§ Information shown

* * *

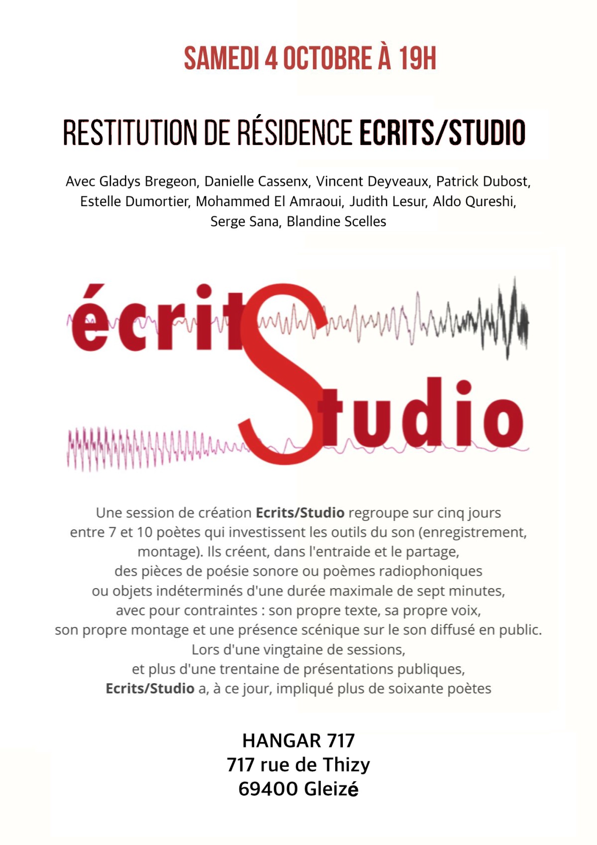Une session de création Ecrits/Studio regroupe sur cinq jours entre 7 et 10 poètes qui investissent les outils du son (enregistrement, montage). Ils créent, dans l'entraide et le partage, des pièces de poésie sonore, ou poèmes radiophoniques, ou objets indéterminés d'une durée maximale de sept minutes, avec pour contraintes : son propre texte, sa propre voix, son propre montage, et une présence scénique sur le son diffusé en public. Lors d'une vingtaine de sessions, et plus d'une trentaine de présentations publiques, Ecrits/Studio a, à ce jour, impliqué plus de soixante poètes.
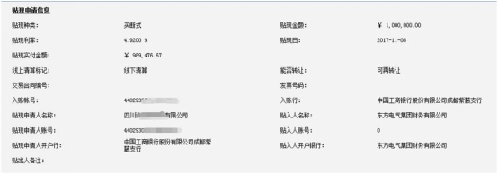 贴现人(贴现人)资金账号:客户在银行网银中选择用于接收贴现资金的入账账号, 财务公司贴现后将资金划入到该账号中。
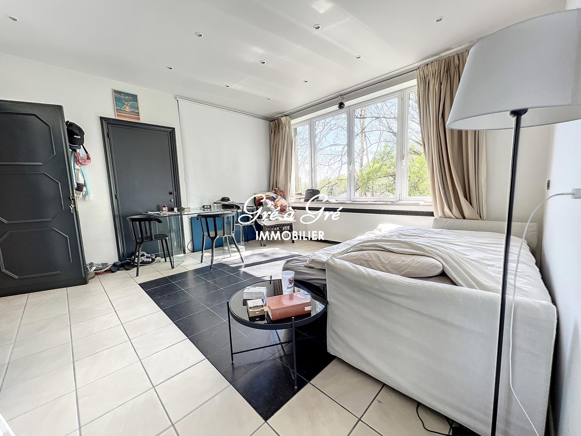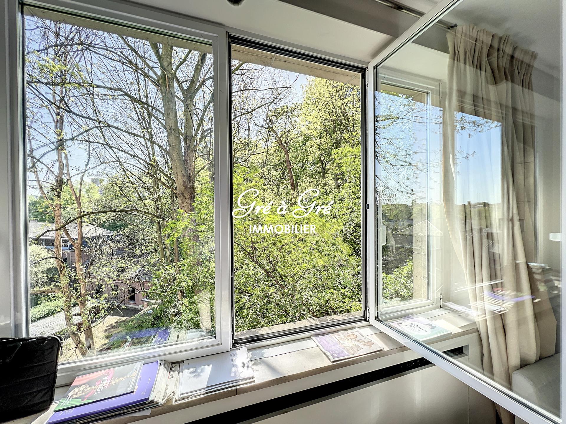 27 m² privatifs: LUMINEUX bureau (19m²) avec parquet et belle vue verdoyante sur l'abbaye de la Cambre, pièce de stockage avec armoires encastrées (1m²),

* * *

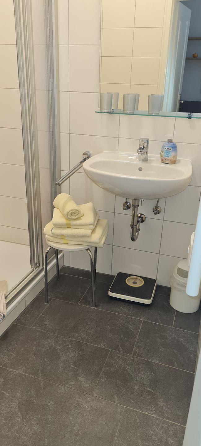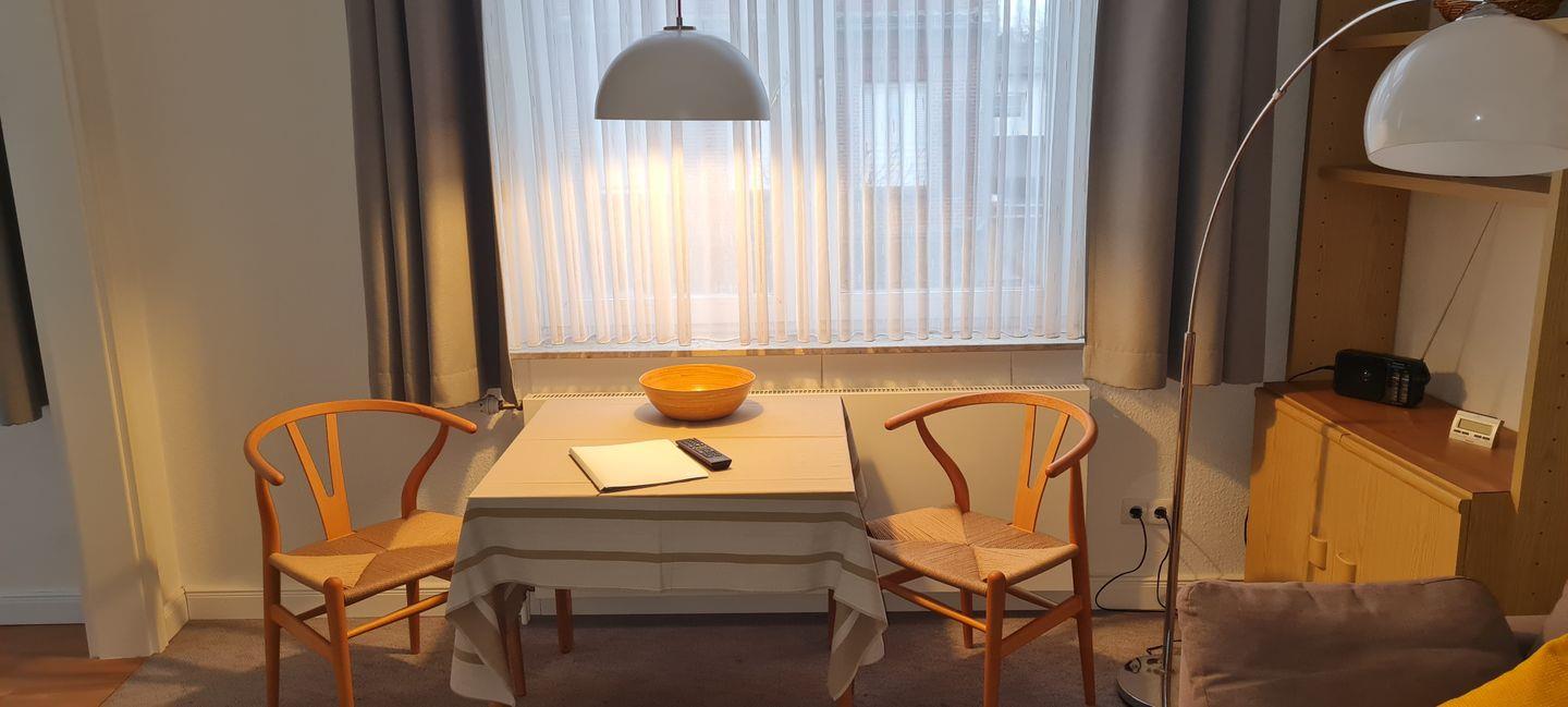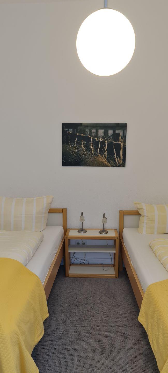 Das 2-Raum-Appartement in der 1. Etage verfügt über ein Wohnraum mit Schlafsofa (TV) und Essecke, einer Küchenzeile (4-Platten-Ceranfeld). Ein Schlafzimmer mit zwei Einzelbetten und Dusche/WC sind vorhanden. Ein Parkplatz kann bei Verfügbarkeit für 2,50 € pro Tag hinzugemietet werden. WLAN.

* * *

§ What you will do
Within these entries, output exactly the lines starting at the one with "Une session de" and finishing at the one with "27 m² privatifs: LUMINEUX". Leave pictures out of the output.

§ Solution for this exercise
Une session de création Ecrits/Studio regroupe sur cinq jours entre 7 et 10 poètes qui investissent les outils du son (enregistrement, montage). Ils créent, dans l'entraide et le partage, des pièces de poésie sonore, ou poèmes radiophoniques, ou objets indéterminés d'une durée maximale de sept minutes, avec pour contraintes : son propre texte, sa propre voix, son propre montage, et une présence scénique sur le son diffusé en public. Lors d'une vingtaine de sessions, et plus d'une trentaine de présentations publiques, Ecrits/Studio a, à ce jour, impliqué plus de soixante poètes.
 贴现人(贴现人)资金账号:客户在银行网银中选择用于接收贴现资金的入账账号, 财务公司贴现后将资金划入到该账号中。
 27 m² privatifs: LUMINEUX bureau (19m²) avec parquet et belle vue verdoyante sur l'abbaye de la Cambre, pièce de stockage avec armoires encastrées (1m²),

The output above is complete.